New Computer Fund
Monday, May 14, 2012
Notes on Stuff
I love messy charts. Showing the short term changes are a reminder of how chaotic things can be. I nice milquetoast smoothed chart is for pansies. Show me the nasty!
This is real nasty. It is the average CO2 monthly change measured at Mauna Loa, the actual monthly change and the deviation from the mean (average) monthly change. Annually, the CO2 measured varies a few parts per million at Mauna Loa. I just took the period from 1979 to 2011 and found the average variation for each month, subtracted the actual value for each month and viola! deviation from the average or mean. Lots of noise, but there are periods of less and more variation.

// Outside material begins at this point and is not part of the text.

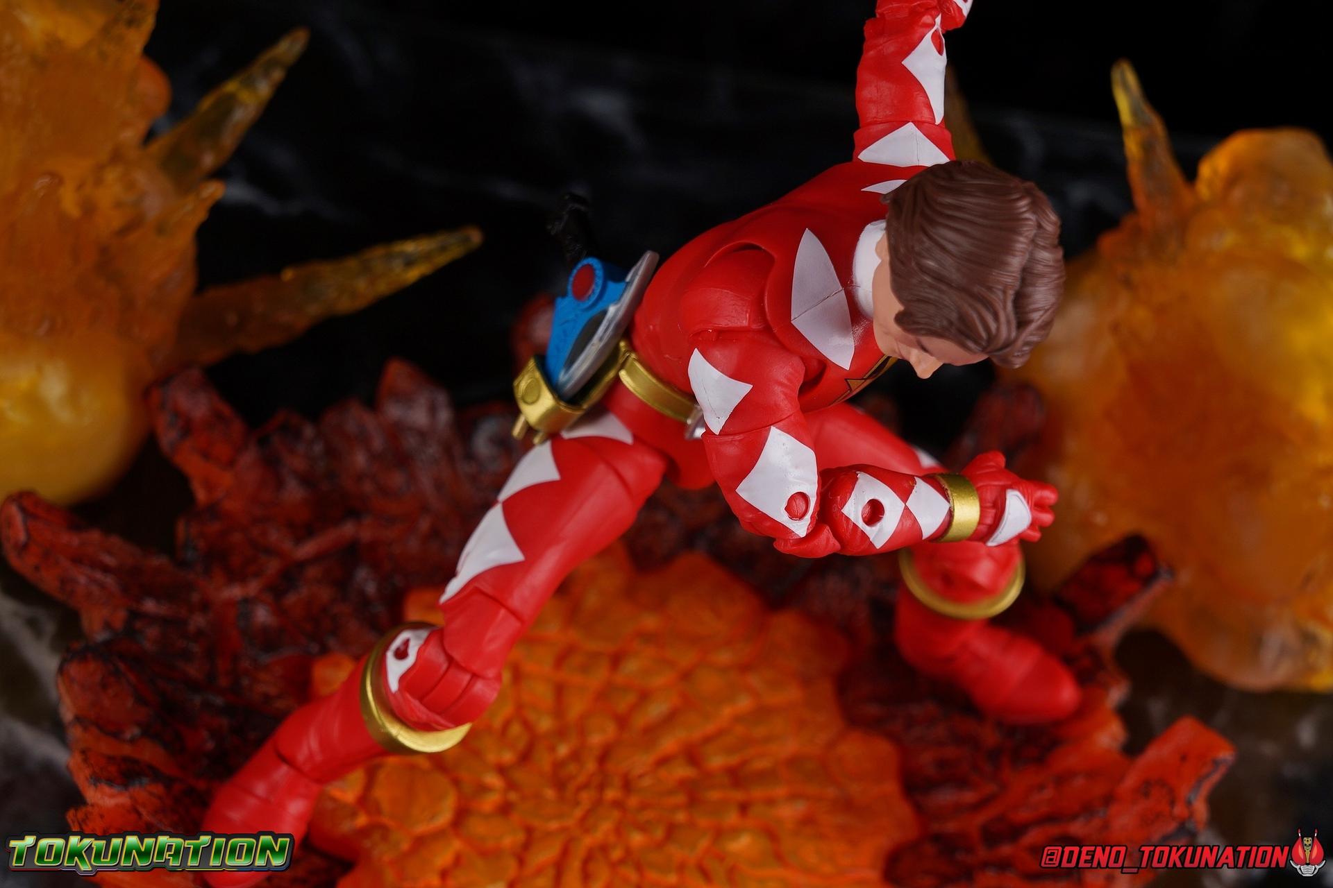 Connor McKnight could have never guessed that his teacher, Dr. Tommy Oliver, was once a Power Ranger. But after accidentally bonding with an ancient Dino Gem, becoming a Power Ranger himself with his two best friends, and facing off against the forces of an evil dinosaur mutant bent on returning Earth to the age of dinosaurs, nothing surprises him now. With power from within and the roar of the T-Rex in his heart, Connor has become the Dino Thunder Red Ranger! Protectors of the right, defenders sworn to fight, together Connor Ethan & Kira are the Power Rangers Dino Thunder! Packaging As we are all pretty familiar with the line by now, I'm sure I probably don't need to go through my usual list of reasons why it's awesome. Hasbro was keen to make sure these appealed to collectors and fans of the franchise from throughout it's various eras. And they also really pop thanks in no small part to some wonderful box art, lovingly crafted by artist Tom Whalen aka @strongstufftom on twitter. His artwork is breathtaking, and makes these figure's feel like just a bit more of a passion project from the folks at Hasbro. Main Figure The Red Ranger is now the 2nd release from Dino Thunder (aside from the Fighting Spirit Green Ranger) following the White Ranger. That release gave us a pretty good idea of what to expect for this team, and with Red in hand now I think we're really off to a fantastic start for Dino Thunder. While the mold may not be exactly identical between the two, they are very very similar and that made me feel pretty comfortable with red right from the start. The entire body is molded in red plastic, and it's broken up mostly by gold trim and white dino scale paint apps. Starting with the boots they've got a pretty basic gold sculpted cuff below the shin swivel, nothing fancy like the White Ranger. The figure features full rotating rocker ankles as well as a clicking swivel joint for them to go back and forth. Above this is the shin swivel, allowing you to rotate that portion of the leg 360 degrees below the knee. Then we get a very playful double jointed knee which lets you fully bend the leg back in on itself. This is already great but there's also a 360 thigh swivel as well as full hips with back/forth and outward motion. No matter what when posing the legs, you're obviously going to wind up breaking up the white paint apps along the exterior of the legs. All of these cuts are executed in the standard Lightning Collection styling, doing their best to not be obtrusive to this design. I will mention though to watch the thigh swivels on this one. Mine became extremely weak and loose after only a few minutes of posing. This is an issue I've yet to really experience on any other LC figures. Dino Thunder Red features the signature silver buckle and gold belt around his waist, with a right side hip holster for his included Thundermax Blaster. Unfortunately though this holster isn't designed to properly accommodate the weapon, and because the blaster doesn't transform there's no way to make it go in the holster correctly. The rest of the torso is totally standard stuff for the line. The lower half has a satisfying if way too tight ratcheting ab joint, while the upper body sits on a ball joint. The combination of the two gives you quite a bit to work with when posing. The chest also features a pretty crisp Dino Thunder emblem paint application. While mine has a couple minor flaws, on the whole it looks fantastic. Thankfully DT Red's design lends itself well the Lightning Collection styling and the upper body looks very fluid when posed thanks to that largely very monotone color scheme. The arms hit the sweet spot with that classic butterfly style shoulder joint. As you angle the shoulder back, the body slides out to fill the gap and vice versa. There's a full 360 rotating bicep swivel, double jointed elbows, and the same peg style hands as the rest of the line. But, in the same way as the White Ranger, DT Red's arms are oddly positioned. They can't really rest against the figure's torso naturally and instead angle outward. They also features white dino paint apps down the their full length. The left arm of course features the Dino Morpher. It is painted, however only in red, and in a more metallic shade of it than the rest of the figure is presented in. Thankfully this figure does not suffer the biggest flaw of it's teammate. Dino Thunder Red comes with a correctly painted and molded helmet. even if the details are somewhat inconsistent on my copy. I always liked the angular nature of the Dino Thunder helmets and I still feel that way here. It's a really great design that's translated well to toy form. And thankfully unlike another recent release (Time Force Red) the neck joint works and gives the head access to the full range of articulation. It's overall a really fantastic figure! Accessories Like the White Ranger before him, Connor comes with basically everything he needs: 1 - Thundermax Blaster. While a decent size to be held by the Dino Thunder rangers, I can't help but feel that shade of blue is wrong. Also, it can't be slotted into the hip holster properly so it's going to impact the torso while posing unfortunately. And it can't be holstered properly because it can't transform. So there's no way to get the blade along the top around the holser as needed. 1 - Thundermax Saber. Though in show the Blaster could literally transform into the Saber, Hasbro has opted to give us both versions of the weapon instead. A smart choice, but again, that shade of blue feels just a bit off to me, but the bigger issue, is really that it's too small. The blade feels very short and disproportionate to the body that's holding it. 1 - Tyranno Staff. This is another odd one honestly. I'm really glad to see they've included the staff, but it's missing all the paint apps it should have. None of the white diamond print, the T-Rex head isn't fully painted either. We just get a couple gold bands near the bottom

This compares a portion of the deviation from mean to the TIM TSI solar measurements from SORCE. This is not the solar data I wanted, but the best I have at the moment. If you squint real hard you can see a slight inverse correlation. Lower solar versus greater deviation from mean. This really should be the CO2 deviation from mean versus Solar UV. Why? Because UV creates ozone, ozone reacts with ice crystals and hydroxil (I think that is right) can react with CO2. Real chemistry was never my forte, so I will leave that vague.
So what?
I did the same deviation or variation from mean with the UAH mid troposphere temperature data. This chart is the northern extent land and ocean minus the southern extent land and ocean. The extent have a push me pull you thing going on annually. By subtracting the two, it gives a bigger picture of the change in the monthly variation. The break is at 1995 with the trends lead in and out. I use 1995 because I believe that is a climate shift matching the stratospheric shift from cooling to neutral. The UAH mid troposphere data is questionable for the portion around 1983, which would increase the magnitude of the shift if UAH is in error. That shift is I believe due to the Ocean Heat Content (OHC) approaching a pseudo equilibrium for current conditions. Less uptake of heat would create a greater cooling flux which would create greater atmospheric temperature variability.
This is all a crazy theory at the moment. It will require a much more serious effort to flesh out, but it does tend to jive with the southern hemisphere temperature reconstructions I have seen, the change in Antarctic sea ice area variation and the change in Artic sea ice variation. There are so many failed climate theories that I am not too enthusiastic about this one, but some pieces are fitting a little better.